Saved data entries:
═══

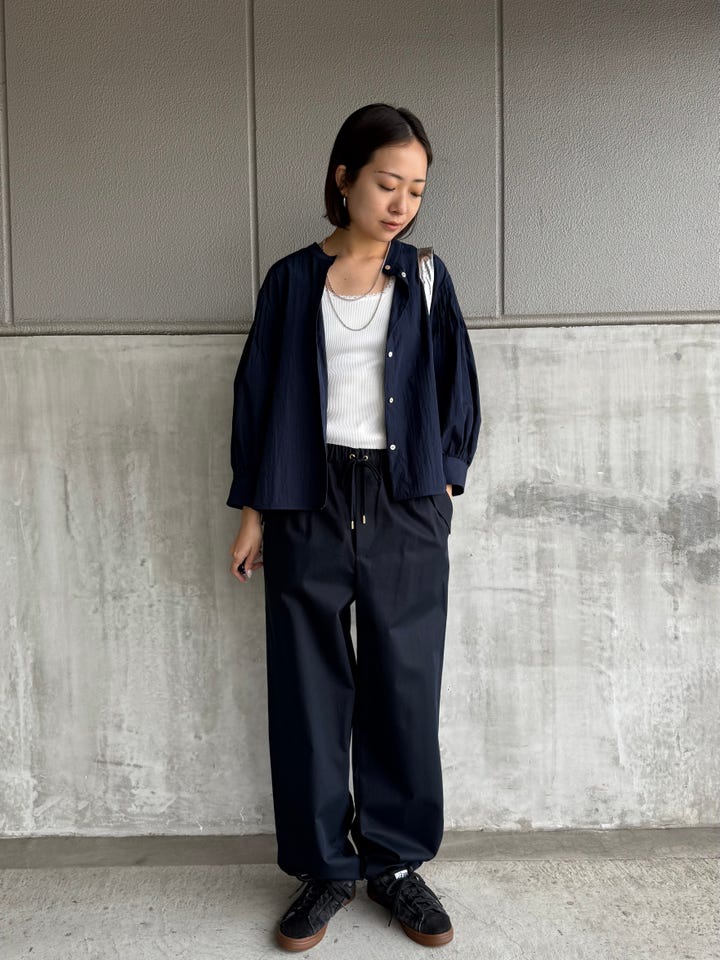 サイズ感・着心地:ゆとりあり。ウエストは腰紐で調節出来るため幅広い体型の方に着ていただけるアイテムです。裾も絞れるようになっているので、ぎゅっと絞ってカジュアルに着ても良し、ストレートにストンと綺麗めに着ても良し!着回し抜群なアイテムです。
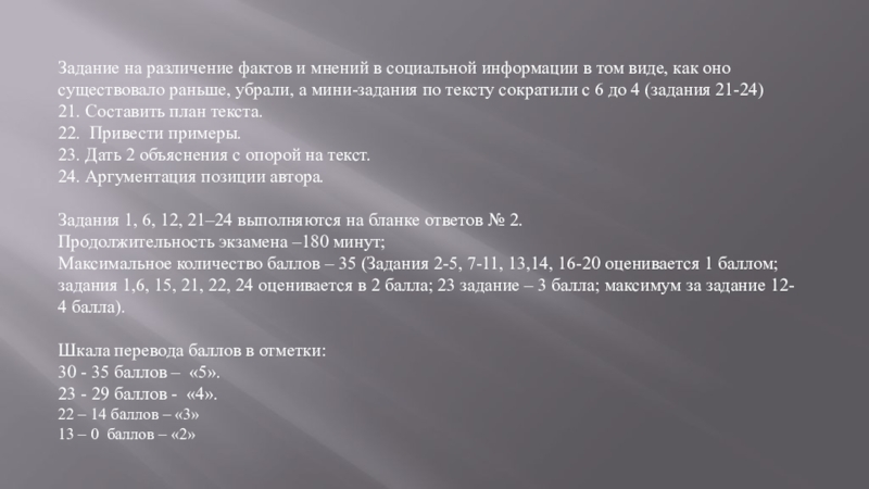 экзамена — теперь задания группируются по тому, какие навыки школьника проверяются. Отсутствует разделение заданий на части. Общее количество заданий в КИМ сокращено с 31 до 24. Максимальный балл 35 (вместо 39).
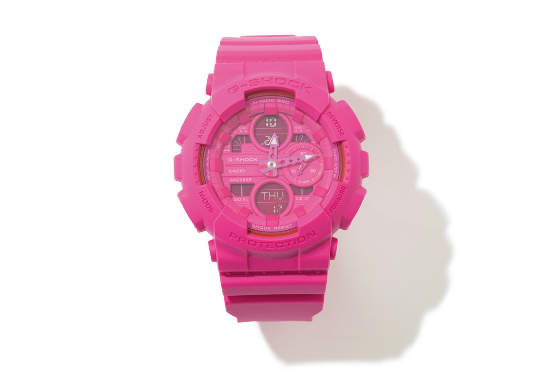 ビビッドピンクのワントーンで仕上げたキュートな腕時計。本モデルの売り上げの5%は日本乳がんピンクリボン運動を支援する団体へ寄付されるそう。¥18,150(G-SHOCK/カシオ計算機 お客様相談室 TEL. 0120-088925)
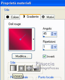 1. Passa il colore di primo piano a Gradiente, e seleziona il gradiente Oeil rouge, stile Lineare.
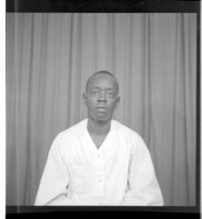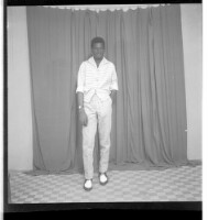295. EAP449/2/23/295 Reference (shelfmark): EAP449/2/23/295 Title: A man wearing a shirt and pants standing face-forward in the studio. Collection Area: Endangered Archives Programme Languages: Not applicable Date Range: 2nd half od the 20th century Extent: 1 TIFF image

═══

**TASK STATEMENT**
Restate each line above exactly, keeping pictures out.

**PROBLEM SOLUTION**
 サイズ感・着心地:ゆとりあり。ウエストは腰紐で調節出来るため幅広い体型の方に着ていただけるアイテムです。裾も絞れるようになっているので、ぎゅっと絞ってカジュアルに着ても良し、ストレートにストンと綺麗めに着ても良し!着回し抜群なアイテムです。
 экзамена — теперь задания группируются по тому, какие навыки школьника проверяются. Отсутствует разделение заданий на части. Общее количество заданий в КИМ сокращено с 31 до 24. Максимальный балл 35 (вместо 39).
 ビビッドピンクのワントーンで仕上げたキュートな腕時計。本モデルの売り上げの5%は日本乳がんピンクリボン運動を支援する団体へ寄付されるそう。¥18,150(G-SHOCK/カシオ計算機 お客様相談室 TEL. 0120-088925)
 1. Passa il colore di primo piano a Gradiente, e seleziona il gradiente Oeil rouge, stile Lineare.
295. EAP449/2/23/295 Reference (shelfmark): EAP449/2/23/295 Title: A man wearing a shirt and pants standing face-forward in the studio. Collection Area: Endangered Archives Programme Languages: Not applicable Date Range: 2nd half od the 20th century Extent: 1 TIFF image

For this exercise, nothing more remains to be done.